──────── Records
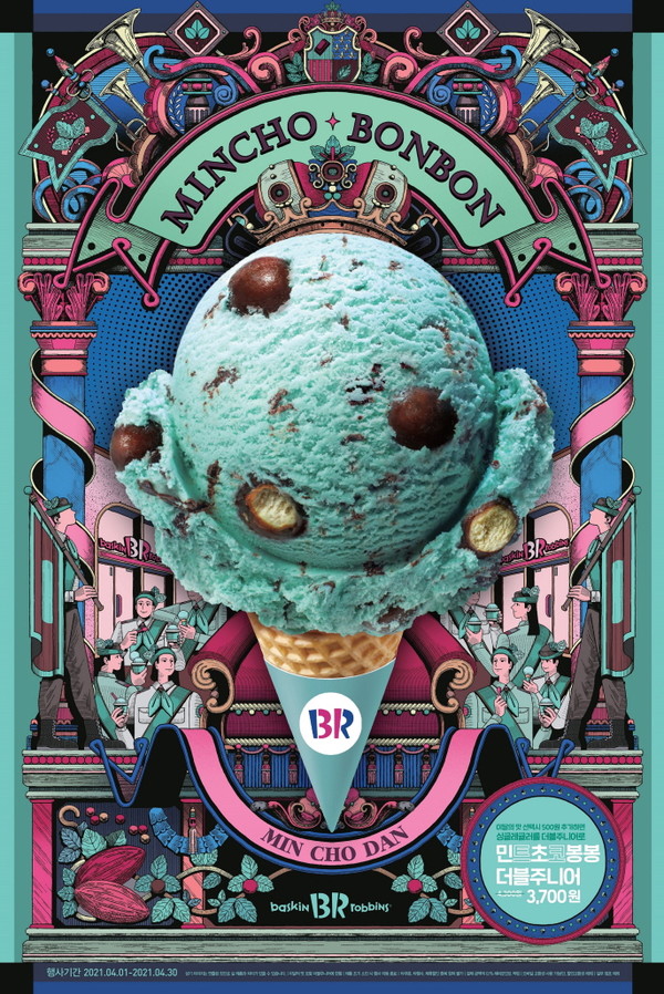 배스킨라빈스는 민트 초코 매니아를 공략한 이달의 케이크 '민트 초코 킹덤'도 선보인다. 민트 초콜릿 칩과 민트 초코 봉봉을 포함한 여섯 가지 아이스크림으로 구성됐다. 민트를 원료로 만든 토핑들을 케이크 위에 올렸다.
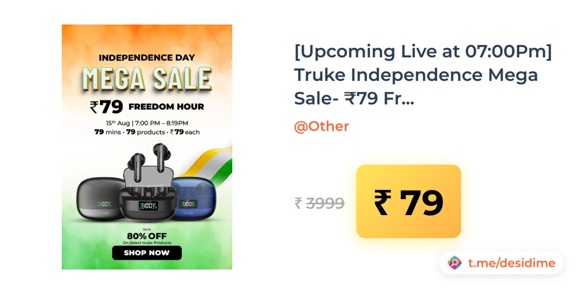 98% off on - [Upcoming Live at 07:00Pm] Truke Independence Mega Sale- ₹79 Freedom Hour Get TWS Earbuds at ₹79 for 79 Minutes - Rs. 79
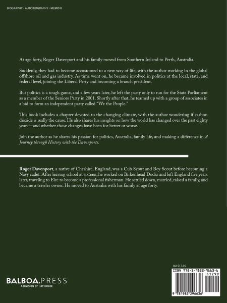 At age forty, Roger Davenport and his family moved from Southern Ireland to Perth, Australia. Suddenly, they had to become accustomed to a new way of life, with the author working in the global offshore oil and gas industry. As time went on, he became involved in politics at the local, state, and federal level, joining the Liberal Party and becoming a branch president. But politics is a tough game, and a few years later, he left the party only to run for the State Parliament as a member of the Seniors Party in 2001. Shortly after that, he teamed up with a group of associates in a bid to form an independent party called "We the People." This book includes a chapter devoted to the changing climate, with the author wondering if carbon dioxide is really the cause. He also shares his insights on how the world has changed over the past eighty years-and whether those changes have been for better or worse. Join the author as he shares his passion for politics, Australia, family life, and making a difference in A Journey through History with the Davenports.
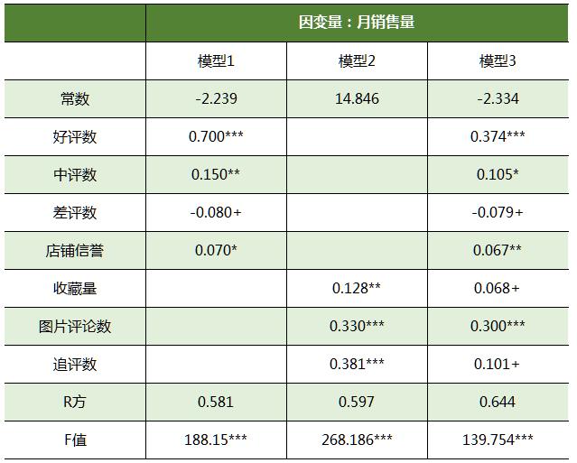 在模型1中,主要变量对月销量的回归系数均在10%统计水平下显著。在模型2,附加变量对月销量的回归系数均在0.1%统计水平下显著。在模型3中,所有变量对月销量的回归系数均显著。回归结果显示,好评数、中评数和店铺信誉均对商品销量有显著的正向影响,差评数对商品销量有显著的负向影响。收藏量、图片评论数和追评数均对商品销量有显著的正向影响。
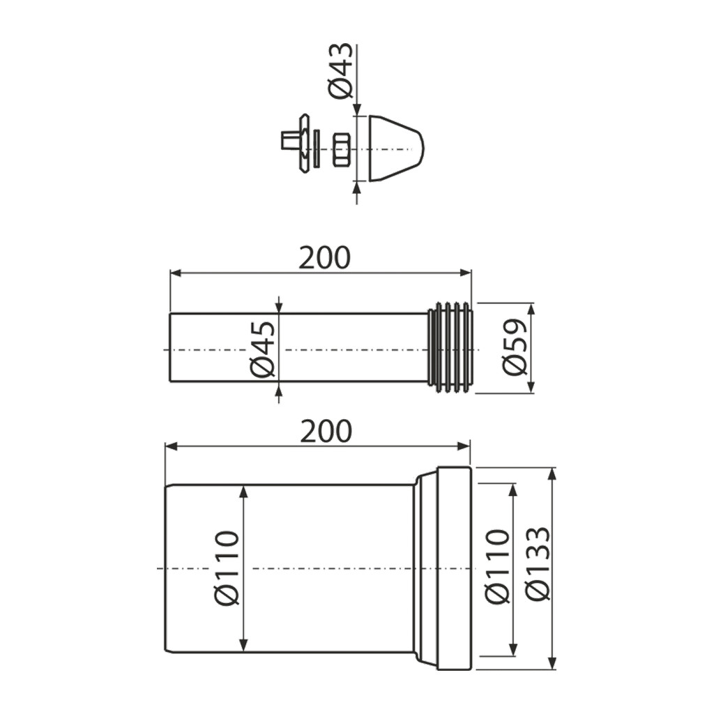 Domov » Sanita » Toalety » Podomietkové inštalačné systémy » Inštalačné systémy pre WC » AlcaPlast M900K-DN110 – Pripojovacia sada k závesnému WC – DN110, 200 mm, PE, chróm
────────────────
_Problem requirements_:
The answer must be the lines above, word for word, from the first one through the line with "98% off on - [Upcoming", pictures excluded.

_Solution for this problem_:
 배스킨라빈스는 민트 초코 매니아를 공략한 이달의 케이크 '민트 초코 킹덤'도 선보인다. 민트 초콜릿 칩과 민트 초코 봉봉을 포함한 여섯 가지 아이스크림으로 구성됐다. 민트를 원료로 만든 토핑들을 케이크 위에 올렸다.
 98% off on - [Upcoming Live at 07:00Pm] Truke Independence Mega Sale- ₹79 Freedom Hour Get TWS Earbuds at ₹79 for 79 Minutes - Rs. 79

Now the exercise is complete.